La Estrella consulted Esteban Rodriguez of the National Transportation Board (CANATRA), who said the blame for the lack of staff should fall on the recruiters of the Mi Bus company (that is responsible for operating the Metrobus system). Rodriguez reported the company gives "inhuman treatment to their drivers." He said they have something against CANATRA members, as many have been tested and they meet the requirements, but still they were rejected. According to the union leader, Mi Bus has rejected 70% of the members who are associated with their organization who have applied to be Metrobus operators.
Other measures due to the shortage of employees - Posada has been clear.

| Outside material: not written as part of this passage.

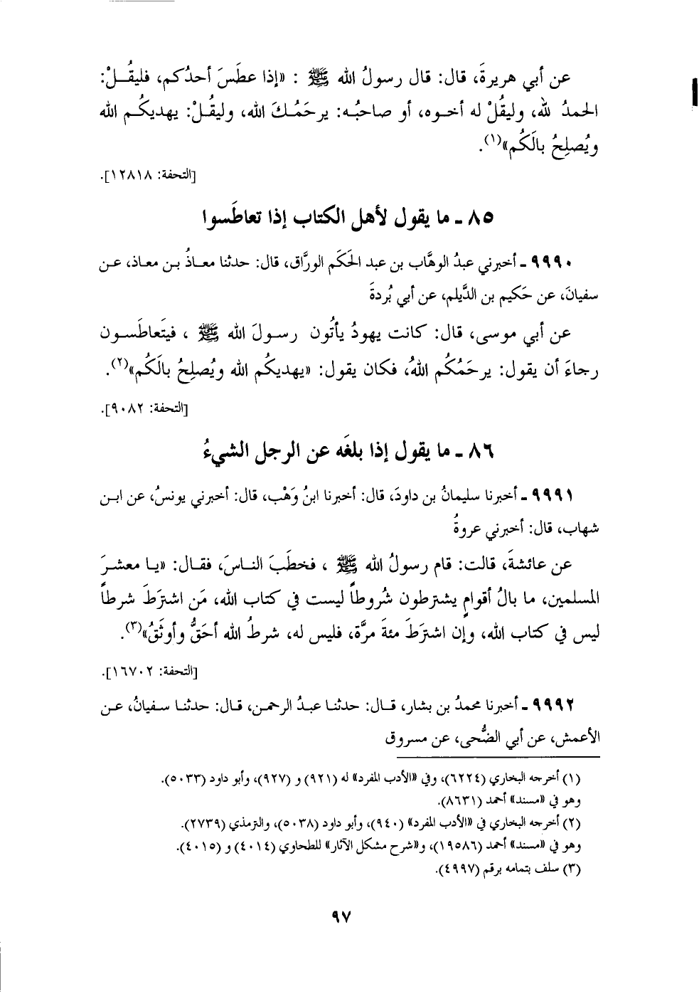 9990 - أَخْبَرَنِي عَبْدُ الْوَهَّابِ بْنُ عَبْدِ الْحَكَمِ الْوَرَّاقُ قَالَ: حَدَّثَنَا مُعَاذُ بْنُ مُعَاذٍ، عَنْ سُفْيَانَ، عَنْ حَكِيمِ بْنِ الدَّيْلَمِ، عَنْ أَبِي بُرْدَةَ، عَنْ أَبِي مُوسَى قَالَ: كَانَتْ يَهُودُ يَأْتُونَ رَسُولَ اللهِ صَلَّى اللهُ عَلَيْهِ وَسَلَّمَ فَيَتَعَاطَسُونَ رَجَاءَ أَنْ يَقُولَ: يَرْحَمُكُمُ اللهُ، فَكَانَ يَقُولُ: «§يَهْدِيكُمُ اللهُ وَيُصْلِحُ بَالَكُمْ»

When speaking to the news media he said that - although the priority is to work with Panamanians - if needed and if the law allows, they will seek foreign labor. About 2,800 bus drivers are needed to cover all of the routes in Panama City. Currently there are 190 working and another 180 are in the selection and training process. The administrators of the Metro Bus system have revealed that just to run the buses of the Northern and Southern corridor routes they will been 550 drivers. In Panama there are now about 150 buses, of which 120 are in operating condition and another 30 are being prepared. (La Estrella)

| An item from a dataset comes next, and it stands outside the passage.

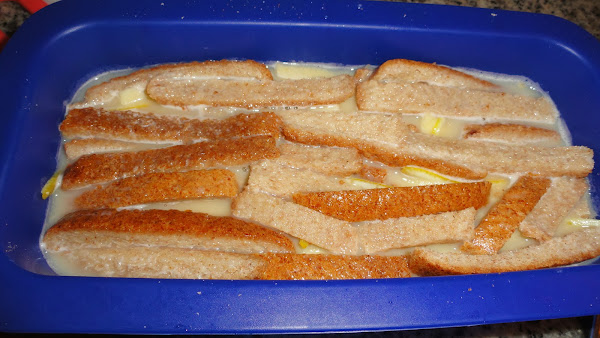 Tenía estas cortezas de pan de molde integral que sobraron de otra receta y he preparado este pudin.

The Republic of Panama is facing growing pains with the implementation of the new Metro Bus system.
Editor's Comment: Translation - for the most part, those people who have experience driving the old "Red Devil" buses are buses are being rejected, probably because they have terrible driving records, many accidents, outstanding tickets, and bad habits, and bad attitudes. Before the individual bus owners had to take practically anyone who would sling their bus around the city to make a dime. Now, this company and the government of Panama have to be more stringent and demanding in their hiring practices. So, it's not that there's a shortage of experienced bus drivers - there's a shortage of good bus drivers who won't go out and pull the same crap they've been doing for years on the old buses. This labor shortage is going to delay the implementation of the system, no doubt.